- **Exercise objective**
From the records below, print only the part that opens with the line containing "按照乘聯會公布數據,2024" and closes with the line containing "ABENA Classic nitriilikäsine"; omit the pictures.

═════ Extracted entries

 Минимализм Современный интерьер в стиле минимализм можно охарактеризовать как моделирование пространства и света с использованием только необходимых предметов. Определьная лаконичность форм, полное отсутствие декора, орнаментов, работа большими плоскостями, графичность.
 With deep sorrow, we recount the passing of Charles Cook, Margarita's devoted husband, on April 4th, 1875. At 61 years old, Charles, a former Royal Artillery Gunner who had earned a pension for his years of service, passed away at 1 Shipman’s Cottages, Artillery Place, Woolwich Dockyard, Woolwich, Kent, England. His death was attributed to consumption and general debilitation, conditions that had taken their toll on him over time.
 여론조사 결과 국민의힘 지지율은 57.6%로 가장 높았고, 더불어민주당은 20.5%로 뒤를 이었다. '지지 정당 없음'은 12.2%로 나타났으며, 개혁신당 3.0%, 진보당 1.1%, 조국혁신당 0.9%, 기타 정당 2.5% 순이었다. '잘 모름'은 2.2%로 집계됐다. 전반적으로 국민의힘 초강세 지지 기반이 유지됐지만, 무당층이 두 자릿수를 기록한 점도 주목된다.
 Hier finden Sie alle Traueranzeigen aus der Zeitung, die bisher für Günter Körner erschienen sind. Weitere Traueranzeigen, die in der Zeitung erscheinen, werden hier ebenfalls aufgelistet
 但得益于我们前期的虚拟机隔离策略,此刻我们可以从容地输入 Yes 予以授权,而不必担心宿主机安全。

══════════
═════ Extracted entries

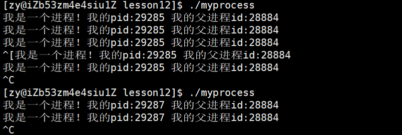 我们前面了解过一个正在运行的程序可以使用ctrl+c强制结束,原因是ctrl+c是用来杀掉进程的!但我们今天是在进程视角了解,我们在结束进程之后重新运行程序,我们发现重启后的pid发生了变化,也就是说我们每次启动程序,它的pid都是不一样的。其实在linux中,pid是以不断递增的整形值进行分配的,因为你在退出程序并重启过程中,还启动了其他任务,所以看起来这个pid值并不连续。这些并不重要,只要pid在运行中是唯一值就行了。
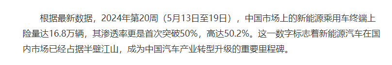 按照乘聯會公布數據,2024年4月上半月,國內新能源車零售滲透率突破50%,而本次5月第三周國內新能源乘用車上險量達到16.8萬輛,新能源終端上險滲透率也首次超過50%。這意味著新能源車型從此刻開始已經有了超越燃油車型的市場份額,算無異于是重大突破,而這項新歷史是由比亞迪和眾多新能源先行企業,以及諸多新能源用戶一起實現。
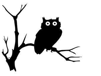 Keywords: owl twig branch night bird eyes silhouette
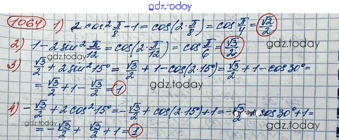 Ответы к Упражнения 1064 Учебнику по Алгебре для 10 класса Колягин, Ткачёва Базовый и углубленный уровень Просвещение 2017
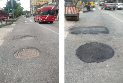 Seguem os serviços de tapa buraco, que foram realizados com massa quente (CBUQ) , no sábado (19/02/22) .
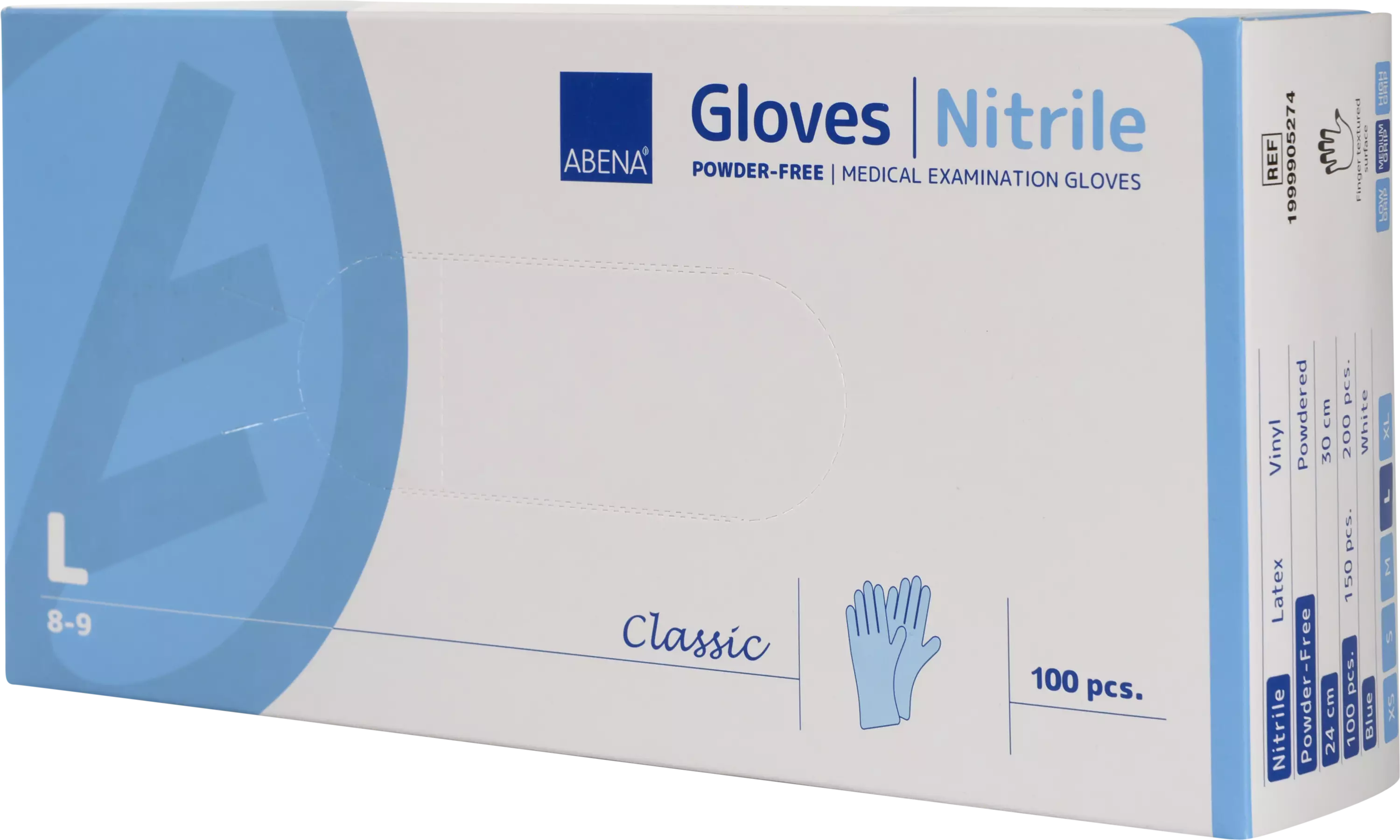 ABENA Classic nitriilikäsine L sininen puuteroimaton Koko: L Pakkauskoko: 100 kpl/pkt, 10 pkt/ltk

══════════

- **Problem solution**
 按照乘聯會公布數據,2024年4月上半月,國內新能源車零售滲透率突破50%,而本次5月第三周國內新能源乘用車上險量達到16.8萬輛,新能源終端上險滲透率也首次超過50%。這意味著新能源車型從此刻開始已經有了超越燃油車型的市場份額,算無異于是重大突破,而這項新歷史是由比亞迪和眾多新能源先行企業,以及諸多新能源用戶一起實現。
 Keywords: owl twig branch night bird eyes silhouette
 Ответы к Упражнения 1064 Учебнику по Алгебре для 10 класса Колягин, Ткачёва Базовый и углубленный уровень Просвещение 2017
 Seguem os serviços de tapa buraco, que foram realizados com massa quente (CBUQ) , no sábado (19/02/22) .
 ABENA Classic nitriilikäsine L sininen puuteroimaton Koko: L Pakkauskoko: 100 kpl/pkt, 10 pkt/ltk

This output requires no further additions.